Towards the end of 2017 and the beginning of 2018, I wrote a couple of columns in which I noted that the beginning of the deflation of the bitcoin bubble had not dampened the spirits of the true believers. At that point of time, the so-called price of bitcoin was down from around USD 20,000 to US 9,000 in about a year. Now, after a year has gone by, this number is down to around USD 3,500. However, unlike many other financial manias of the past, the fervour with which the believers go on believing and have invented a number of fascinating conspiracy theories which offer explanations of how bitcoin has been sabotaged by, basically, everybody.
Last year, I'd pointed out with the help of an animal fable about monkeys and goats, that even the best of investors end up buying overpriced investments. However, buying overpriced investments that have some real value and buying an investment where the inherent value is suspect are two very different things. When that column was published, the punishment that bitcoin believers meted out to me was swift and exemplary.
I often speak bluntly about a lot of things but never have I received such a torrent of criticism and even contempt that I got upon calling Bitcoin a bubble. My sense was that many, perhaps most bitcoiners felt that here was a new thing that they didn't need any pre-established entities or people or ideas help to deal with it. They could read up and be as much of an expert as anyone else. Most of the mail I got was along the lines of 'What can people like you understand, this is TECHNOLOGY!'.

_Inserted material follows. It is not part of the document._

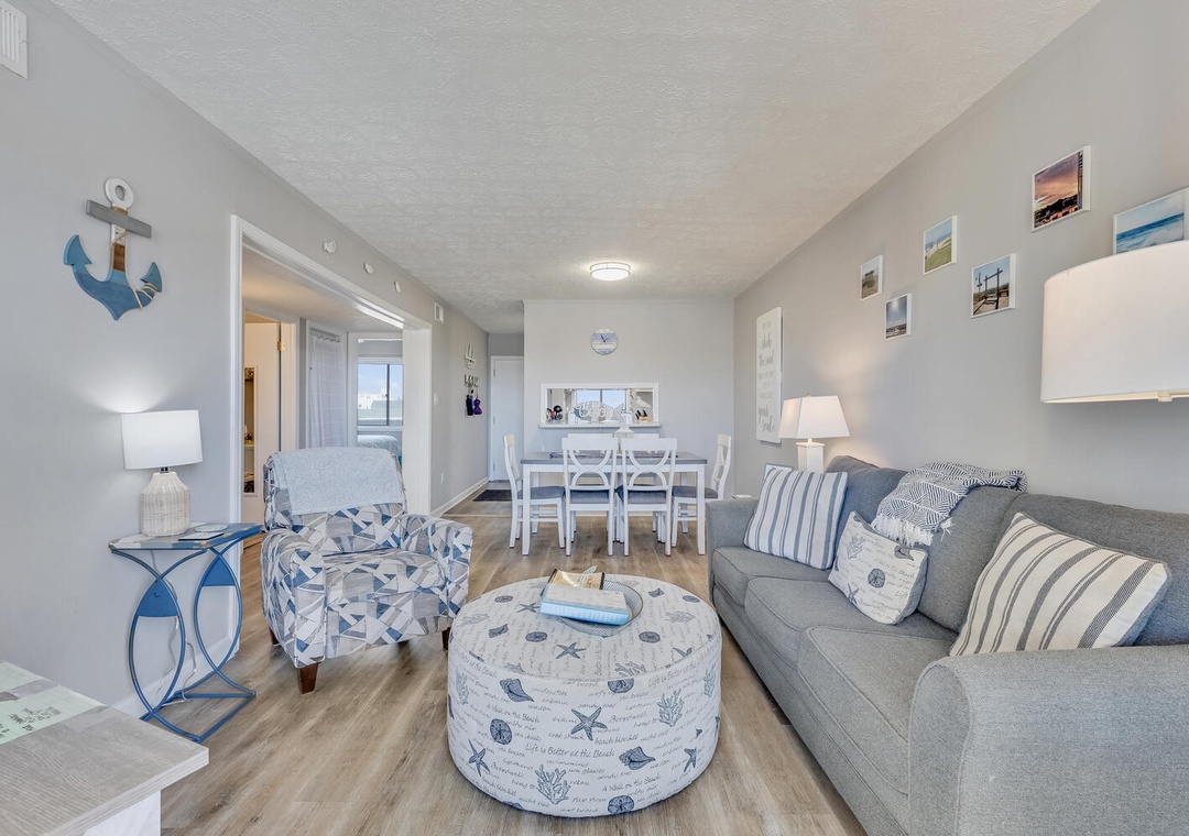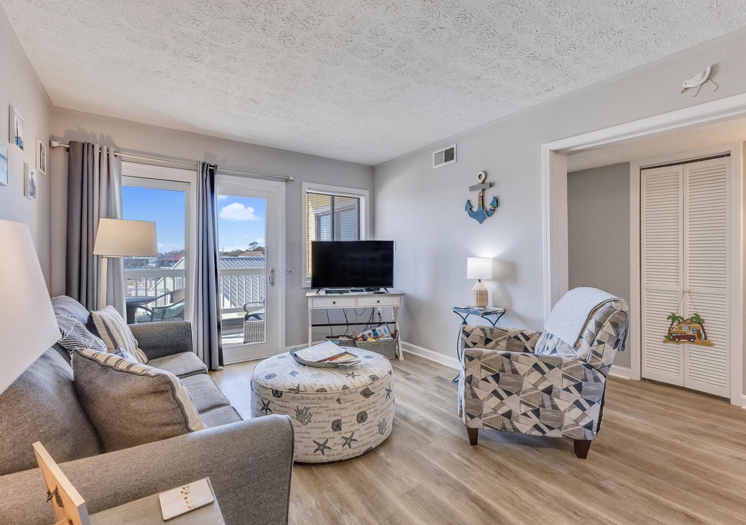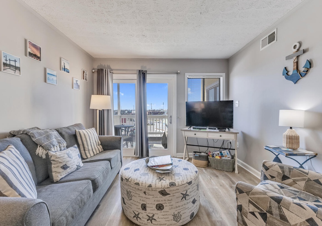 Inside, you’ll find a welcoming living space designed for relaxation after a day in the sun. Step out onto your private deck, where you can take in ocean and marina views. The condo features two comfortable bedrooms, a fully equipped kitchen, and a cozy living area, making it perfect for families or small groups.

Even at that time, the conspiracy theories had started. In those days, for some (no doubt bizarre) reason, the commonest theory was that the Chinese government and Goldman Sachs joined forces to destroy Bitcoin, because if they did not then Bitcoin would destroy them. This has now been extended to practically everyone. Almost every jurisdiction and regulator in the world has either warned against or outright banned bitcoins, and every major carrier of online advertising has stopped carrying bitcoin-related ads. To bitcoin conspiracy theorists, all this has proven that they were correct.
One of the many strange things about the bitcoin mania was this widespread belief that bitcoin was a great idea because it's independent of governments and central banks or any other central authority. The reality was that hardly anyone was buying Bitcoin in that way--understanding the tech, downloading the software, creating their key and their wallet and so on. Instead, closely observing bitcoin 'investors' at the grassroot level in India revealed a kind of a multi-level marketing network. Every investor has been sold the idea by another investor, who has introduced them to someone who's a sort of a broker or an operator.

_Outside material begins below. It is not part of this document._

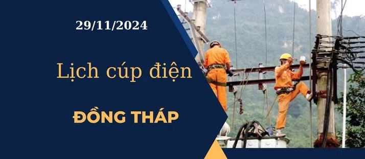 Cập nhật thông tin mới nhất về lịch cúp điện các khu vực tại Đồng Tháp ngày 29/11/2024 từ cổng thông tin Điện lực miền Nam.
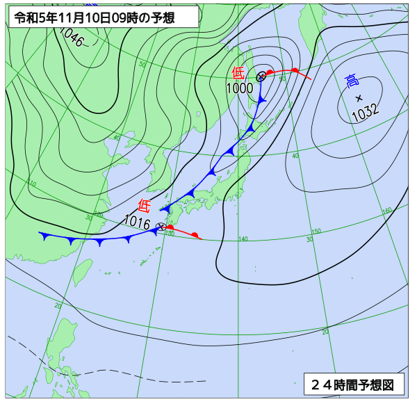 気温が下がり、今年一番の寒さになりますので、留意願います。

In practice, people downloaded an app, gave money to someone, then felt happy when some ever-larger numbers appeared in the app. To anyone with a modicum of scepticism, this did not look a system that is liberated from all government and central authority. In fact, it's the worst of all possible worlds. In the end, bitcoin mania has reached where it has because almost everything was wrong with the bitcoin bubble. A nerd's experiment with creating a cryptographic currency mutated into a global mania, one which the believers fervently believed was free of the limitations of human psychology and greed because it was surrounded by techno-libertarian wishful thinking. Till a point, before the mania took off, it was useful for anonymous electronic payments, specially for the commerce that takes place on the so called 'Dark Web'. However, the bubble inflated, bitcoin apparently became useless as a currency even for the denizens of the dark web.
Make no mistake, this was a pure speculative mania with no connection to any ground reality. In the long run, it'll probably be useful for psychologists who study such things but that's all.